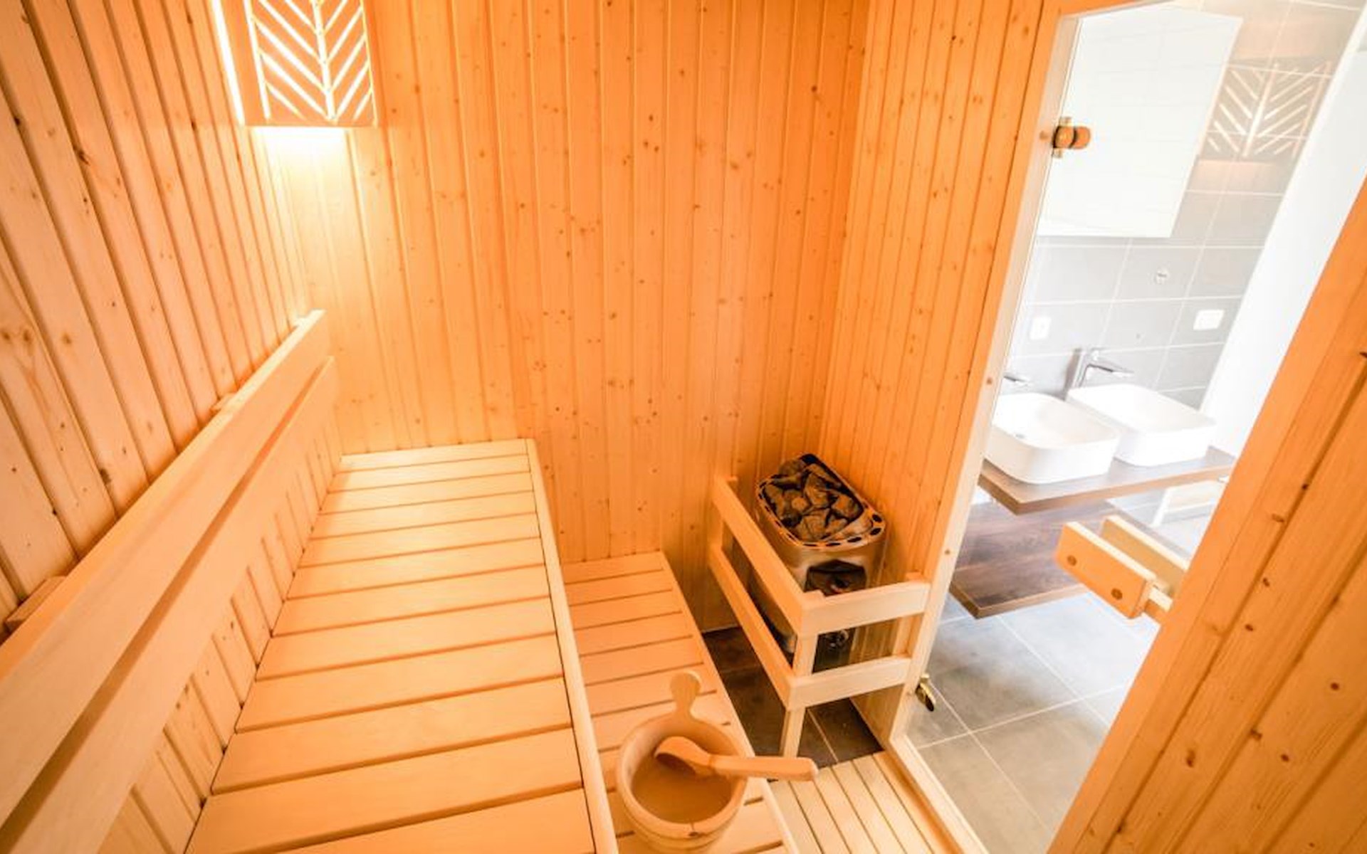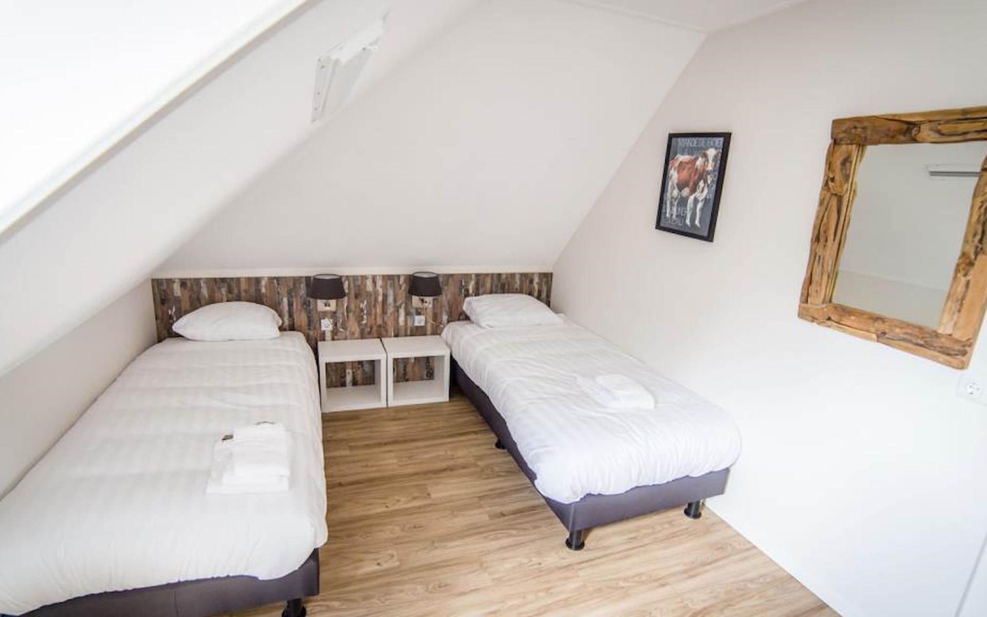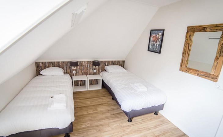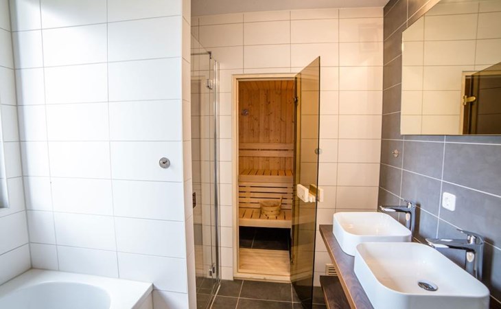 Je hebt de beschikking over 4 slaapkamers met 2 éénpersoonsbedden, waarvan 2 slaapkamers zich op de eerste verdieping bevinden en 2 slaapkamers op de tweede verdieping. De badkamer op de eerste verdieping is voorzien van een bubbelbad, douche, dubbele wastafel en toilet. Voor extra ontspanning heb je hier de beschikking over een sauna. De tweede badkamer bevindt zich op de tweede verdieping en heeft een douche, wastafel en toilet.
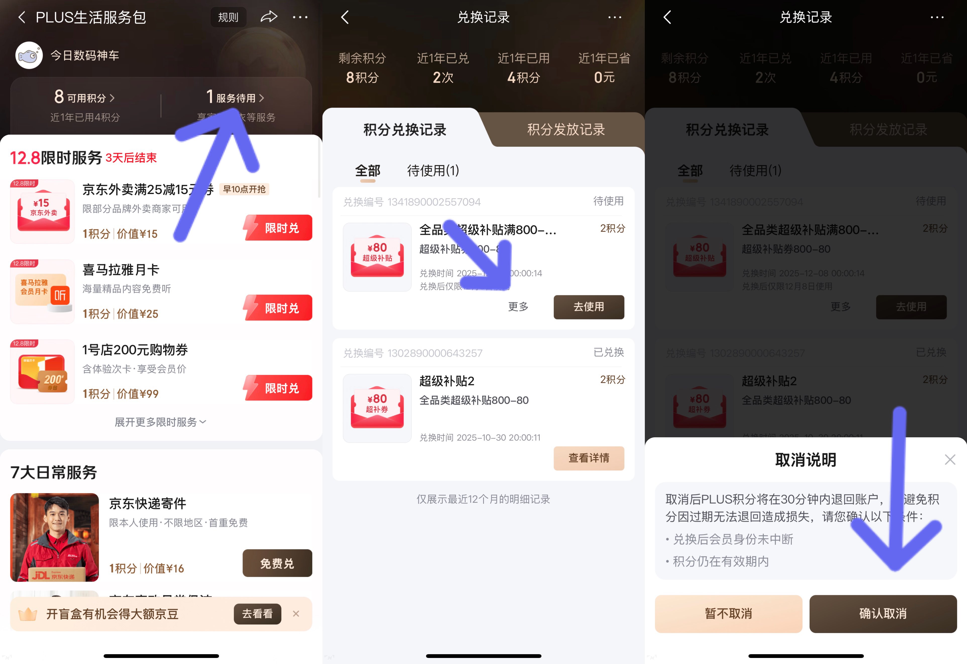 Plus兑换的积分券凌晨2点过期! 实在没啥想买的如图操作退回即可 如图,2点前取消兑换即可退回积分 好单发报员 2025年12月09日 01:15 0 举报 Plus兑换的积分券凌晨2点过期!实在没啥想买的如图操作退回即可https://u.jd.com/ZDOnPrG(如图,2点前取消兑换即可退回积分) 复制文案
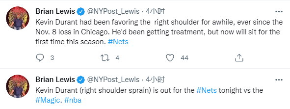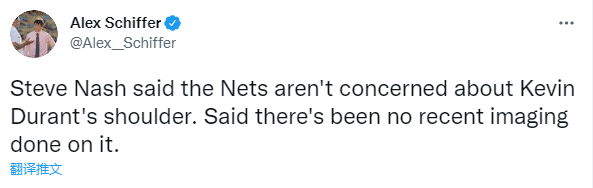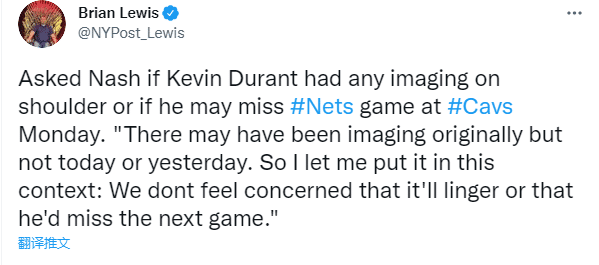 对于杜兰特的伤势,篮网主帅纳什表示杜兰特已经受肩膀伤势困扰一段时间了,经过背靠背的比赛后,这是让他休息的好时机,对他来说没有什么比休息更重要了;纳什还透露篮网并不担心杜兰特的肩伤,之前对杜兰特进行了检查,但最近没有对他进行进一步的成像检查,他们也不担心杜兰特缺席下一场比赛。

____

## Problem to work on
Output, exactly and without pictures, the span of lines that starts at the line containing "Plus兑换的积分券凌晨2点过期! 实在没啥想买的如图操作退回即可 如图,2点前取消兑换即可退回积分" and ends at the last line above.

## Answer to this exercise
 Plus兑换的积分券凌晨2点过期! 实在没啥想买的如图操作退回即可 如图,2点前取消兑换即可退回积分 好单发报员 2025年12月09日 01:15 0 举报 Plus兑换的积分券凌晨2点过期!实在没啥想买的如图操作退回即可https://u.jd.com/ZDOnPrG(如图,2点前取消兑换即可退回积分) 复制文案
 对于杜兰特的伤势,篮网主帅纳什表示杜兰特已经受肩膀伤势困扰一段时间了,经过背靠背的比赛后,这是让他休息的好时机,对他来说没有什么比休息更重要了;纳什还透露篮网并不担心杜兰特的肩伤,之前对杜兰特进行了检查,但最近没有对他进行进一步的成像检查,他们也不担心杜兰特缺席下一场比赛。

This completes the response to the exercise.